Early in 1916 the UI designed a longer-range minelayer (Project 44) based partly on its new ocean U-boat (Project 43), but with mine stowage adapted from the earlier and much smaller Project 38 minelayer. Submerged range was less than that of a Mobilisation U-boat because the mines took up space which would otherwise have gone for fuel. In April 1916 the UI and the Navy Office laid out contracts for delivery in 1917. The UI decided to stop building Mobilisation boats (the last of which would be delivered in the summer of 1917), shifting to the new types. There was sufficient capacity for twenty-four Project 42, but instead the UI planned twelve Project 42 (U 127–U 138) and ten Project 45 minelayers (U 117–U 126).74 Unfortunately it was soon evident that the big new U-boats would take longer to build than expected, leaving a three-month gap in deliveries between the summer and autumn of 1917. With two or three large U-boats being lost each month, the UI decided to let an immediate contract for twelve more Mobilisation boats (U 105–U 114). The initial twenty-four UB IIIs (UB 48–UB 71) were ordered for delivery in the first quarter of 1917. With the contracts for the Mobilisation boats and the big U-boats let, the only remaining capacity was for UB IIIs, so UB 72–UB 87 were ordered in September 1916.75
While all this was happening, the Germans’ second attempt at unrestricted U-boat warfare was collapsing due to US pressure after an April 1916 incident. The Prize Rules were reinstated. Since the presence of so many warships in the Channel and the North Sea made that dangerous, interest turned to more distant waters. The Admiralstab asked the TI to design a U-cruiser capable of fighting an armed merchant ship, which up to that point had been an antidote to any U-boat operating on the surface. Although the trade campaign soon collapsed altogether (U-boats were reassigned to support the High Seas Fleet directly), the project survived, since it was reasonable to assume that operations under the Prize Rules would soon resume. In May 1916 the Admiralstab asked the UI to design and built a big long-range high-performance U-boat: Project 46. As usual, the problem was to provide enough power. MAN was sketching a 3000bhp diesel, but for the time being the designers had to make do with the current 1650–1750bhp type (there could be no question of steam power, as in the British ‘K’ boats); surface speed was only 14–15 knots. Range was 12,000nm at 10 knots. In August the UI awarded contracts for three U-cruisers (U 139–U 141).76 In October, when the order was given to resume trade warfare under the Prize Rules, the Navy Office wanted more U-cruisers, so it asked how many could be completed by the spring of 1918. The UI ordered nine more: U 142–U 150 to a slightly modified design (Project 46a).77 Construction of some of the Mobilisation boats was deferred in favour of the new U-cruisers.78 British intelligence became aware of this project; in the autumn of 1916 Admiral Jellicoe and others wrote about the expected extension of the U-boat war to North and probably to South America.

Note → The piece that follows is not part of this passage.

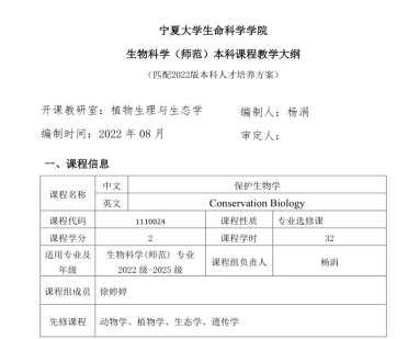 《保护生物学》是面向生物科学专业(教师教育方向)、生物科学专业学生开设的自然科学生物类专业课程。也可作为通识教育选修课面向全体学生开设。《保护生物学》是从保护生物及其环境的角度出发来保护生物多样性的科学,是研究生态危机起因及预防机制的具有价值取向的关于生物多样性保护的公共科学,聚焦于珍稀濒危物种、栖息地、生态系统等多层次的研究和保护,是基础科学与应用科学的综合,也是自然科学与社会科学的交叉学科。而生物多样性是人类社会赖以生存的基础资源和自然财富,也是生态文明水平的重要标志。国家明确提出了尊重自然、顺应自然、保护自然的生态文明理念,并实施重大生态修复工程,增加生态产品生产能力,保护生物多样性。

At the other end of the scale, the Germans built small submarines of the UB series, initially to operate out of the new base in Flanders. The next series were ocean-going submarines well suited to the North Sea. UB 88 is shown at Mare Island on 23 September 1919. Submarines of this type operated extensively in the Mediterranean.

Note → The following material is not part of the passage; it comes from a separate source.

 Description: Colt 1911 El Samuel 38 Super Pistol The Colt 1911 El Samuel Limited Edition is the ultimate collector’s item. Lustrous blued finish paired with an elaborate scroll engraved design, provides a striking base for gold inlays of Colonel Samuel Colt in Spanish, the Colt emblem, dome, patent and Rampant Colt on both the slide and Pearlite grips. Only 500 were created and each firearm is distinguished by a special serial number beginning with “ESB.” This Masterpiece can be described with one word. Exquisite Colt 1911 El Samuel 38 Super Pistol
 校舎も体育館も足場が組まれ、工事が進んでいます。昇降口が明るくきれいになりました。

The UI was also interested in something with better protection, which it called Project P (Panzer, armoured): Project 47. In June 1916 it sketched such a submarine, which would require the projected 3000bhp engines.79 Compared to Project 46, which was already expensive, Project 47 would have cost twice as much, with twice the crew and slightly greater surface endurance. Project 47 was probably offered during the autumn of 1916 to High Seas Fleet commander Admiral Scheer. After Jutland and particularly after his August 1916 sortie, he became convinced that he wanted fast powerful U-boats to provide direct support, in much the way Jellicoe had demanded the ‘K’ boats more than a year earlier. Project 47 was still more or less alive in May 1917, but by then the UI was also interested in something smaller but much faster: Project 50 (K44, the K presumably indicating a cruiser [kreuzer]). Just like the British ‘K’boat, it needed steam power to achieve high surface performance.80 One boat was ordered under War Contract AA (February 1918) as UD 1, but at the end of the war it had not been laid down, overtaken by the priorities set by the unrestricted submarine campaign.
However, in the autumn of 1916 orders were issued for resumed trade warfare, this time under the Prize Rules. As initial steps U 63–U 65 were given greater fuel capacity, the U 71 class minelayers were provisionally ordered converted to torpedo submarines and all ocean-going U-boats were ordered armed with 10.5cm rather than 8.8cm guns. The big Project 45 minelayers would have one 15cm gun in place of the earlier pair of 10.5cm weapons. Ultimately the campaign should employ longer-range U-boats. In 1916 the Germans already had some experience in that direction, with a group of cargo-carrying U-boats built specially to evade the British blockade. One of them, Deutschland, made two highly-publicised (and commercially successful) visits to the United States. A sister-ship, Bremen, was already complete (she was lost on her first trip) and six more planned. With the shift to Prize Rules warfare, necessarily in distant waters, the big cargo U-boats became attractive as potential U-cruisers, which could be armed with 15cm guns. In December 1916 four cargo U-boats were taken over as U 151–U 154. Once unrestricted submarine warfare was resumed, the other three were taken over as U 155–U 157.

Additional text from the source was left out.